##### Provided data #####

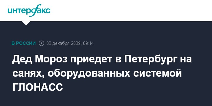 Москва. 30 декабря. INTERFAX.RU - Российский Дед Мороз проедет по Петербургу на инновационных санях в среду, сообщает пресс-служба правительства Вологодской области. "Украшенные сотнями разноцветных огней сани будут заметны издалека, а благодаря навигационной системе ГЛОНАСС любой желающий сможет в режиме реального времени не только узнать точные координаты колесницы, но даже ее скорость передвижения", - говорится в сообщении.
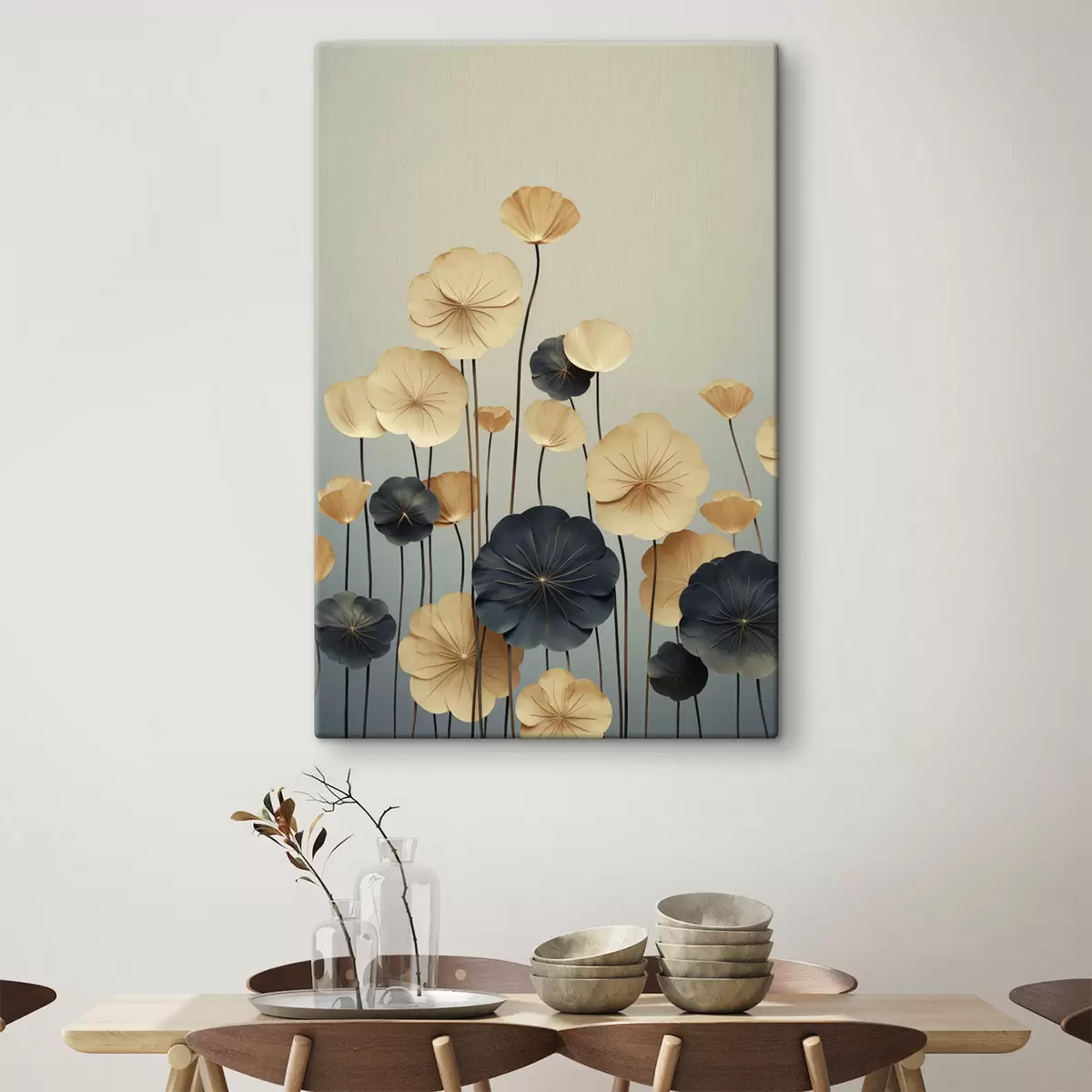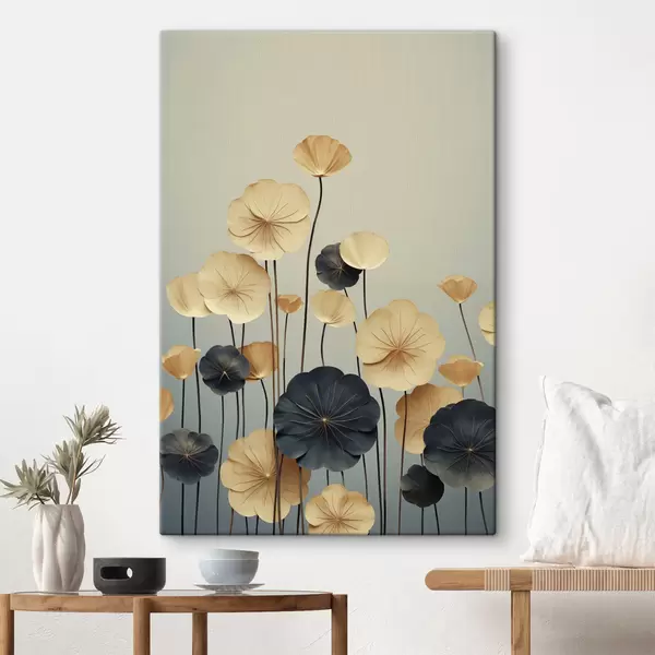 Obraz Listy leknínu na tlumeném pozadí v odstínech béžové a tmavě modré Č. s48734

#####
##### Provided data #####

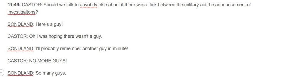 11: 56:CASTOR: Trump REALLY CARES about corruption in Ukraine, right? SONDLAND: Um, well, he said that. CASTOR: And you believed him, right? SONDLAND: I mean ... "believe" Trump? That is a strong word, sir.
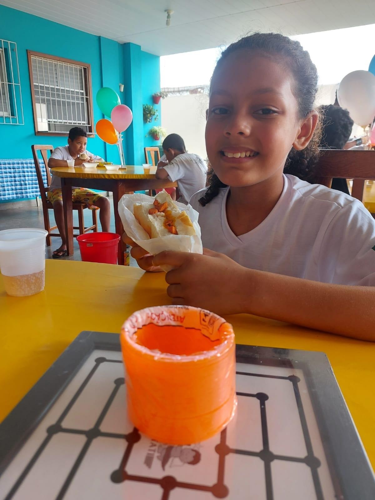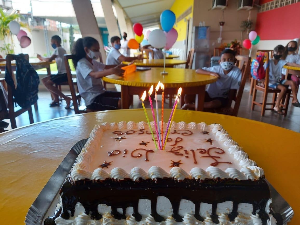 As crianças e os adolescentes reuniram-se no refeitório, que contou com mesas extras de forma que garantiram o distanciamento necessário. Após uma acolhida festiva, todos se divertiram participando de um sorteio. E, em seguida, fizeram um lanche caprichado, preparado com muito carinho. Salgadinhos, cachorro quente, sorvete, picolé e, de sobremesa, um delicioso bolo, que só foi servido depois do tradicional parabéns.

#####
##### Provided data #####

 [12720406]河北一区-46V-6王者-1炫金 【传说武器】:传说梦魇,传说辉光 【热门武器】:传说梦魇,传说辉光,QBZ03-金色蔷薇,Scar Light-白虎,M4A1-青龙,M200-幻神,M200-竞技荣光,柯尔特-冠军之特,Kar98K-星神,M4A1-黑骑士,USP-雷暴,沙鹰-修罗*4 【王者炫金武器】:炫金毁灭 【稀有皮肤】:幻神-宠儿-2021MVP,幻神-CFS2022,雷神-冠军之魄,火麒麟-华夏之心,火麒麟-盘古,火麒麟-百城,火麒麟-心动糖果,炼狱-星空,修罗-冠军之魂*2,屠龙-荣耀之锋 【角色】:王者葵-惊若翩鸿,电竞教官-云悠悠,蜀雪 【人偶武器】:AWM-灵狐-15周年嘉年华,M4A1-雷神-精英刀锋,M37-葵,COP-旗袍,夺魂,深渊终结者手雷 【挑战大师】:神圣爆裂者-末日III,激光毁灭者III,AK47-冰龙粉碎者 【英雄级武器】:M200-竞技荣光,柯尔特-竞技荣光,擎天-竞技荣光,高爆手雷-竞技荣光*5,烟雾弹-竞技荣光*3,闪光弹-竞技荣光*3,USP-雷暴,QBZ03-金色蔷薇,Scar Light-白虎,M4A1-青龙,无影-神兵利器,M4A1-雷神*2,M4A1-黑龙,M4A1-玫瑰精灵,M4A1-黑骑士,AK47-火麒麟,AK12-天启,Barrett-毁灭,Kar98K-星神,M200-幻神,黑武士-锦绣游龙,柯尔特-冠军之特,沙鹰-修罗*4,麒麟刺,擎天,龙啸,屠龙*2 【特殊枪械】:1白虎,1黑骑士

#####

▸ Task goal
For this task, return exactly the stretch of the listing above from the line with "Москва. 30 декабря." through the line with "Obraz Listy leknínu", inclusive and without pictures.

▸ Task solution
 Москва. 30 декабря. INTERFAX.RU - Российский Дед Мороз проедет по Петербургу на инновационных санях в среду, сообщает пресс-служба правительства Вологодской области. "Украшенные сотнями разноцветных огней сани будут заметны издалека, а благодаря навигационной системе ГЛОНАСС любой желающий сможет в режиме реального времени не только узнать точные координаты колесницы, но даже ее скорость передвижения", - говорится в сообщении.
 Obraz Listy leknínu na tlumeném pozadí v odstínech béžové a tmavě modré Č. s48734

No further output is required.